Range to copy from the entries below: the line containing "Club Green Strass" through the line containing "季節に合わせたスイーツをお届", inclusive. Retype only those lines, exactly, without any images.

(MATERIAL SUPPLIED)

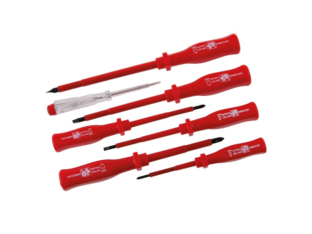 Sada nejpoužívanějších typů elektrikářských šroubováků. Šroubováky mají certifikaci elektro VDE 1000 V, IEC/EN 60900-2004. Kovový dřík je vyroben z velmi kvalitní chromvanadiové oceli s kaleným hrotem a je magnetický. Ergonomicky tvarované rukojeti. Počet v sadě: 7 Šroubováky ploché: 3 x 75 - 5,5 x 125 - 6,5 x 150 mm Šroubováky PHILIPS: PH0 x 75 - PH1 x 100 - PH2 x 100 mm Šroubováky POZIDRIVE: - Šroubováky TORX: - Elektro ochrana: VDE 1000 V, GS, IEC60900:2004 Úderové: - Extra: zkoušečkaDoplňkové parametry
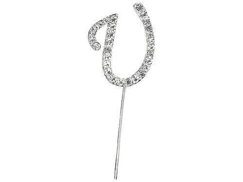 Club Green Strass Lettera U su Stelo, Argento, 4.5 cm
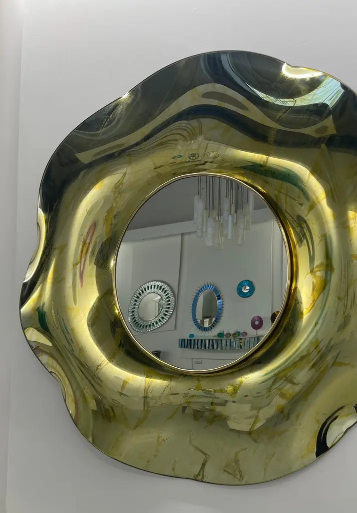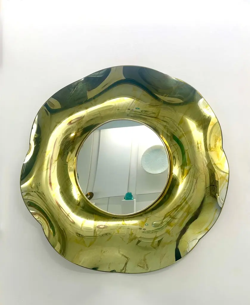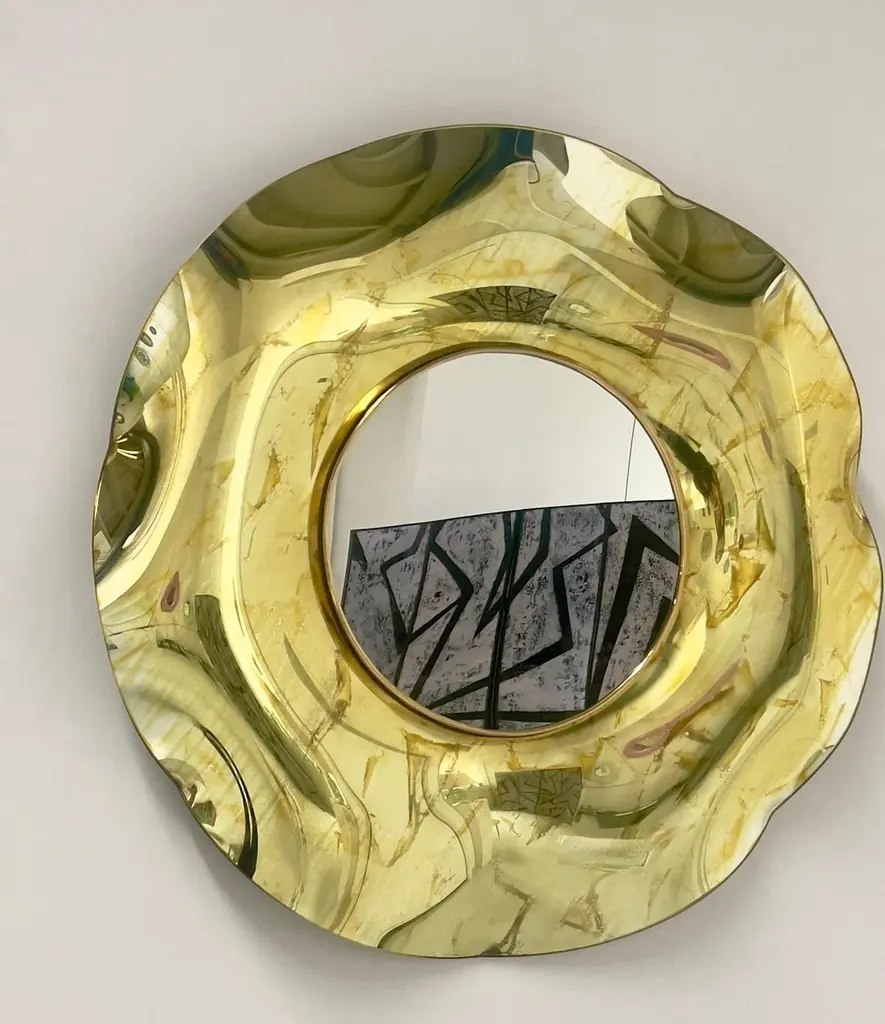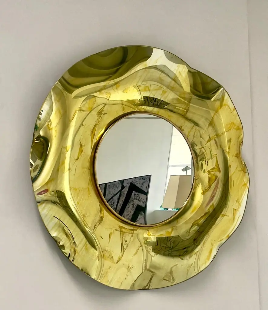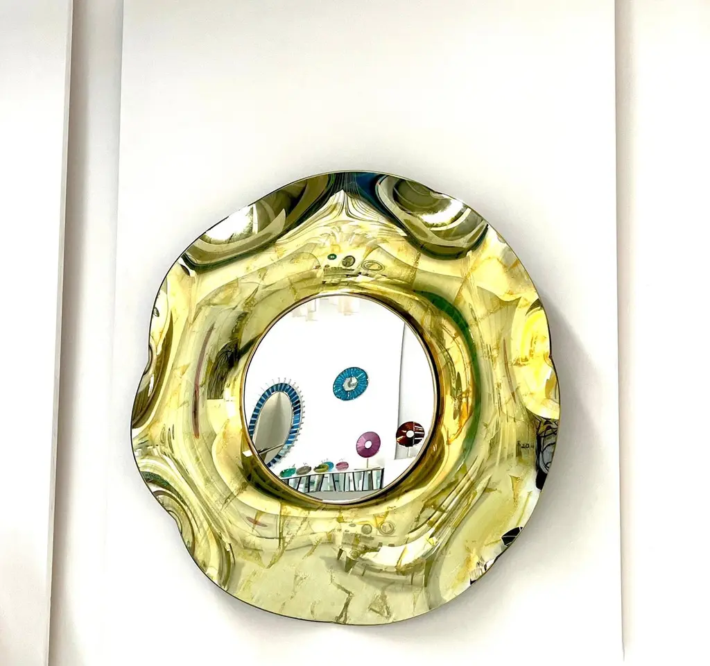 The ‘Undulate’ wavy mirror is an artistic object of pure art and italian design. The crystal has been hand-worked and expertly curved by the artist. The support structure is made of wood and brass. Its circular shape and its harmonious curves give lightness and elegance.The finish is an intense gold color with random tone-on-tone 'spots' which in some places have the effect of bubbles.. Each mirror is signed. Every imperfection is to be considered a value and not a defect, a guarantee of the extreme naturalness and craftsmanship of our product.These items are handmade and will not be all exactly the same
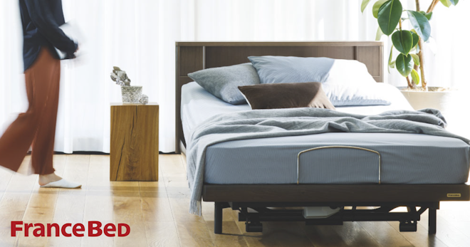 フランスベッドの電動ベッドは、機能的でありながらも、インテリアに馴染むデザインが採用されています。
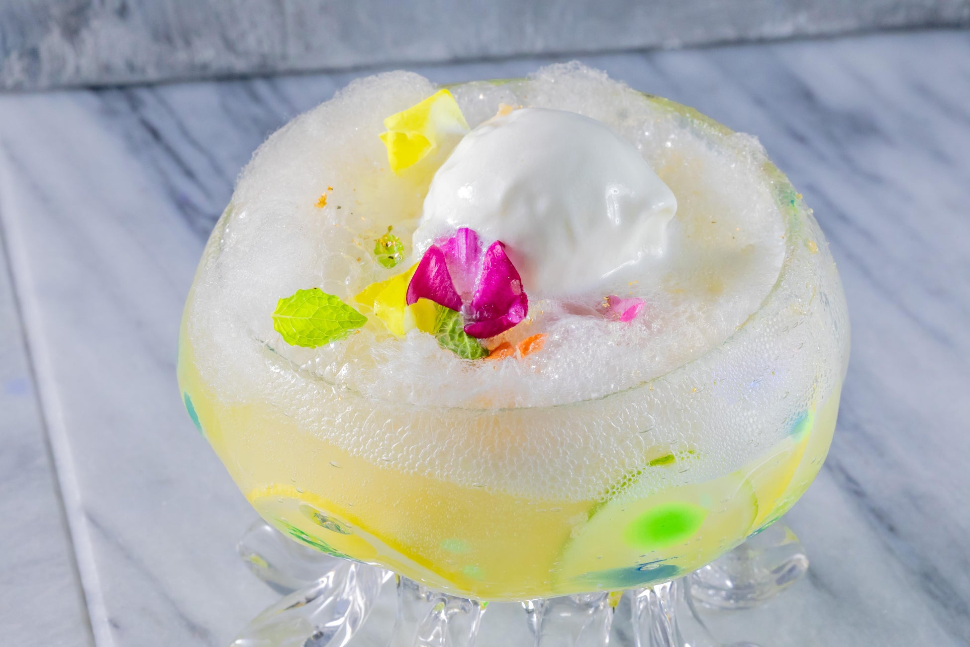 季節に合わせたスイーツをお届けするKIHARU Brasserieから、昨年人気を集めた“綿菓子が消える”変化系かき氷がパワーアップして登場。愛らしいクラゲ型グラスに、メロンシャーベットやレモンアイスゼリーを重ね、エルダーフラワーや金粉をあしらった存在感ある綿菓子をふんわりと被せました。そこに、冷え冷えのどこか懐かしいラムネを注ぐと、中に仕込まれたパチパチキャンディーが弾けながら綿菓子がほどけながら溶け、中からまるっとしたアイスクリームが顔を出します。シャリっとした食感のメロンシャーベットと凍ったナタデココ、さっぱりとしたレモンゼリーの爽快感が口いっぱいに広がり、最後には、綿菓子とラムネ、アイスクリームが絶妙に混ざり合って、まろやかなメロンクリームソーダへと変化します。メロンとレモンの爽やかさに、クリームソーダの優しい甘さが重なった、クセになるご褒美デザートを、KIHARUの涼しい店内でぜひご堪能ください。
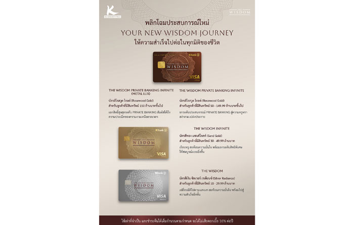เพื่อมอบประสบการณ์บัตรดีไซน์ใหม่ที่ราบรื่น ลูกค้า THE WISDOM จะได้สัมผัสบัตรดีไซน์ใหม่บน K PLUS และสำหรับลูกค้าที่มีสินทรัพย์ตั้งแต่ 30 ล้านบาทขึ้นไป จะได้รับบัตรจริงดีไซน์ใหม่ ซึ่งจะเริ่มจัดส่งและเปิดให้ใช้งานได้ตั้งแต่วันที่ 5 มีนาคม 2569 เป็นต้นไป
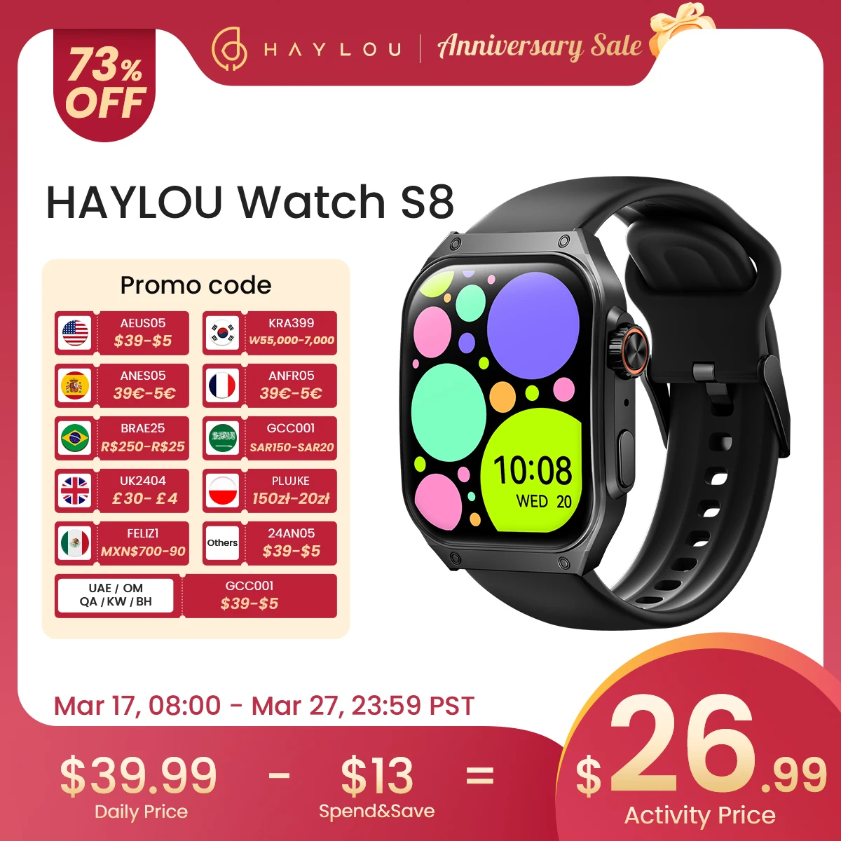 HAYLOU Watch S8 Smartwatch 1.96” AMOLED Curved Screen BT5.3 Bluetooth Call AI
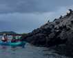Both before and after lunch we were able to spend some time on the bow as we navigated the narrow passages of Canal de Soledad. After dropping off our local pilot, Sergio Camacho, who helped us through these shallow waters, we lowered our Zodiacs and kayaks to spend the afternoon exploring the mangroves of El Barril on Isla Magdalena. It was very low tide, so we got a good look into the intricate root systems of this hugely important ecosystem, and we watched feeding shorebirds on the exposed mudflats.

(End MATERIAL SUPPLIED)

• **EXPECTED ANSWER**:
 Club Green Strass Lettera U su Stelo, Argento, 4.5 cm
 The ‘Undulate’ wavy mirror is an artistic object of pure art and italian design. The crystal has been hand-worked and expertly curved by the artist. The support structure is made of wood and brass. Its circular shape and its harmonious curves give lightness and elegance.The finish is an intense gold color with random tone-on-tone 'spots' which in some places have the effect of bubbles.. Each mirror is signed. Every imperfection is to be considered a value and not a defect, a guarantee of the extreme naturalness and craftsmanship of our product.These items are handmade and will not be all exactly the same
 フランスベッドの電動ベッドは、機能的でありながらも、インテリアに馴染むデザインが採用されています。
 季節に合わせたスイーツをお届けするKIHARU Brasserieから、昨年人気を集めた“綿菓子が消える”変化系かき氷がパワーアップして登場。愛らしいクラゲ型グラスに、メロンシャーベットやレモンアイスゼリーを重ね、エルダーフラワーや金粉をあしらった存在感ある綿菓子をふんわりと被せました。そこに、冷え冷えのどこか懐かしいラムネを注ぐと、中に仕込まれたパチパチキャンディーが弾けながら綿菓子がほどけながら溶け、中からまるっとしたアイスクリームが顔を出します。シャリっとした食感のメロンシャーベットと凍ったナタデココ、さっぱりとしたレモンゼリーの爽快感が口いっぱいに広がり、最後には、綿菓子とラムネ、アイスクリームが絶妙に混ざり合って、まろやかなメロンクリームソーダへと変化します。メロンとレモンの爽やかさに、クリームソーダの優しい甘さが重なった、クセになるご褒美デザートを、KIHARUの涼しい店内でぜひご堪能ください。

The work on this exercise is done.